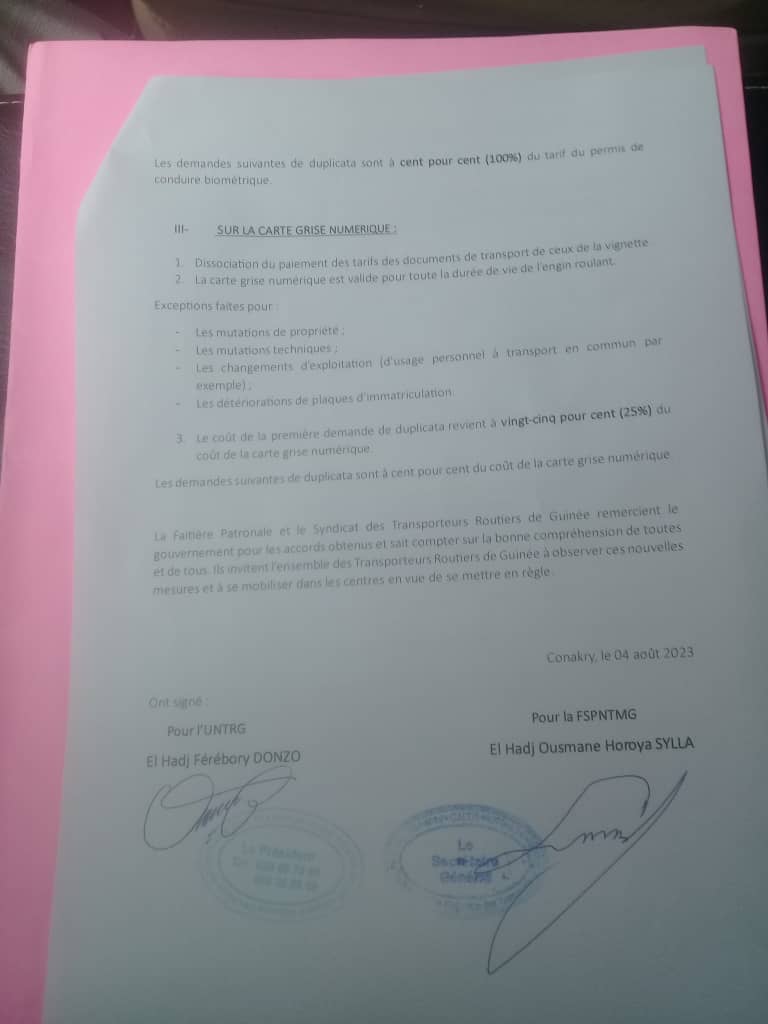 Enfin la fumée blanche est sortie des négociations entre l’Union Nationale des Transporteurs Routiers de Guinée, la Fédération Syndicale Professionnelle Nationale de Transporteurs et de la Mécanique Générale, et le Ministère des Transports. Ce vendredi 4 août 2023, plusieurs accords ont été obtenus autour de la dissociation des campagnes de contrôles, des permis de conduire et cartes grises.
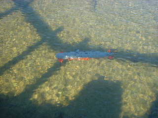 ■テスト走行は、なかなかの走りでした。 ●家から車で約5分で、少し大きめの走行場所がありました。(水深 約20〜40cm) → しかしながら、ここは、水草が多く、スクリュウにからむのが難点です。 → 底ずり走行対策の装備も、破壊されずに、なんとか大丈夫でした。 よし!
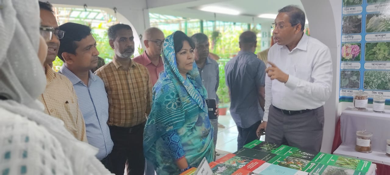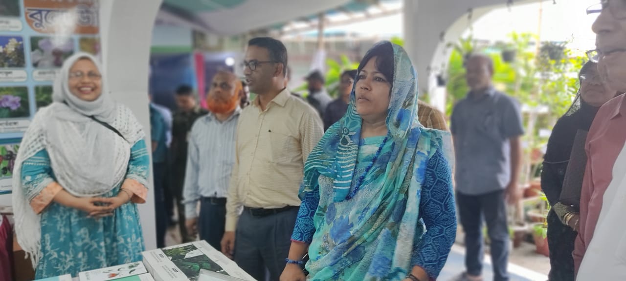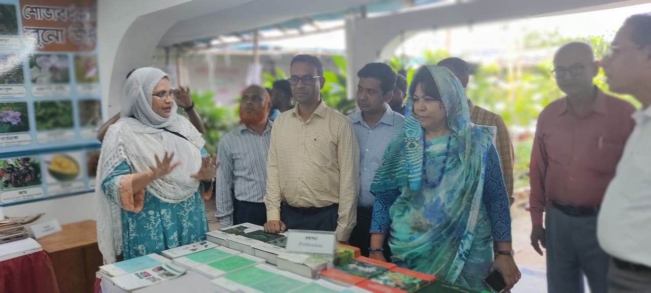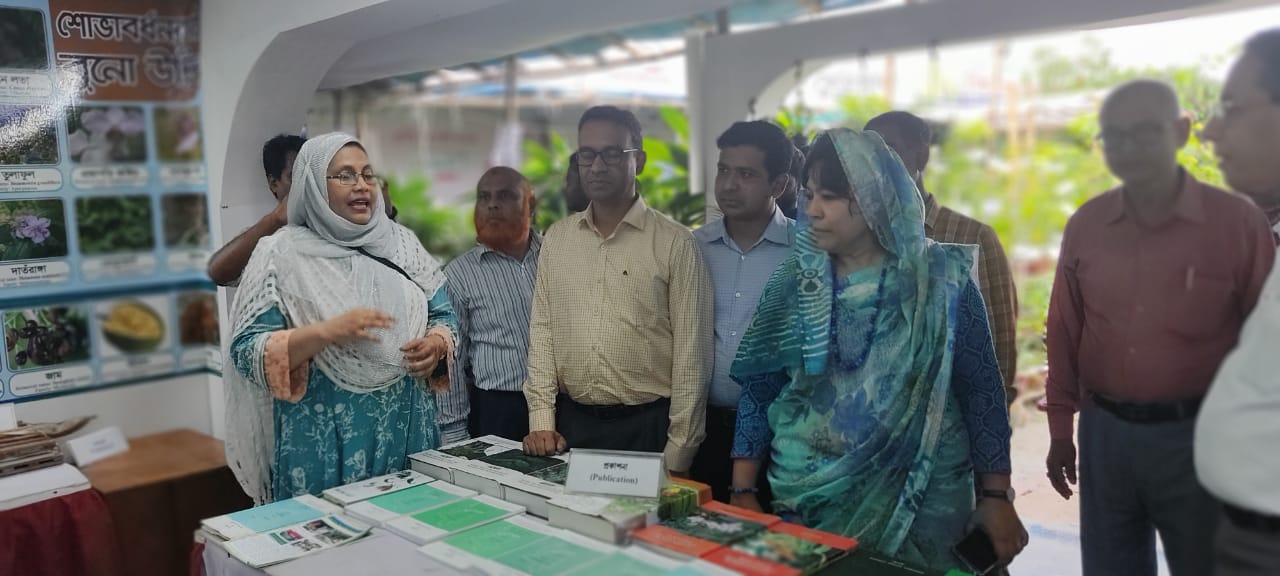 অদ্য ০৩/০৭/২০২৩ তারিখে পরিবেশ, বন ও জলবায়ু পরিবর্তন মন্ত্রণালয়ের সম্মানিত সচিব ড. ফারহিনা আহমেদ আয়োজিত জাতীয় বৃক্ষমেলায় বাংলাদেশ ন্যাশনাল হারবেরিয়ামের প্রদর্শনী স্টল পরিদর্শন করছেন।
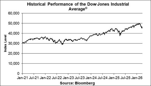The following graph sets forth the historical performance of the Dow Jones Industrial Average® based on the daily historical closing levels of the Dow Jones Industrial Average® from January 4, 2021 through April 2, 2026. The closing level of the Dow Jones Industrial Average® on April 2, 2026 was 46,504.67. We obtained the closing levels above and below from Bloomberg, without independent verification.
————
**Instructions for the task:**
Leave the pictures out and reproduce exactly the lines from the top of the listing above through the line with "অদ্য ০৩/০৭/২০২৩ তারিখে".

**Task result:**
 Enfin la fumée blanche est sortie des négociations entre l’Union Nationale des Transporteurs Routiers de Guinée, la Fédération Syndicale Professionnelle Nationale de Transporteurs et de la Mécanique Générale, et le Ministère des Transports. Ce vendredi 4 août 2023, plusieurs accords ont été obtenus autour de la dissociation des campagnes de contrôles, des permis de conduire et cartes grises.
 ■テスト走行は、なかなかの走りでした。 ●家から車で約5分で、少し大きめの走行場所がありました。(水深 約20〜40cm) → しかしながら、ここは、水草が多く、スクリュウにからむのが難点です。 → 底ずり走行対策の装備も、破壊されずに、なんとか大丈夫でした。 よし!
 অদ্য ০৩/০৭/২০২৩ তারিখে পরিবেশ, বন ও জলবায়ু পরিবর্তন মন্ত্রণালয়ের সম্মানিত সচিব ড. ফারহিনা আহমেদ আয়োজিত জাতীয় বৃক্ষমেলায় বাংলাদেশ ন্যাশনাল হারবেরিয়ামের প্রদর্শনী স্টল পরিদর্শন করছেন।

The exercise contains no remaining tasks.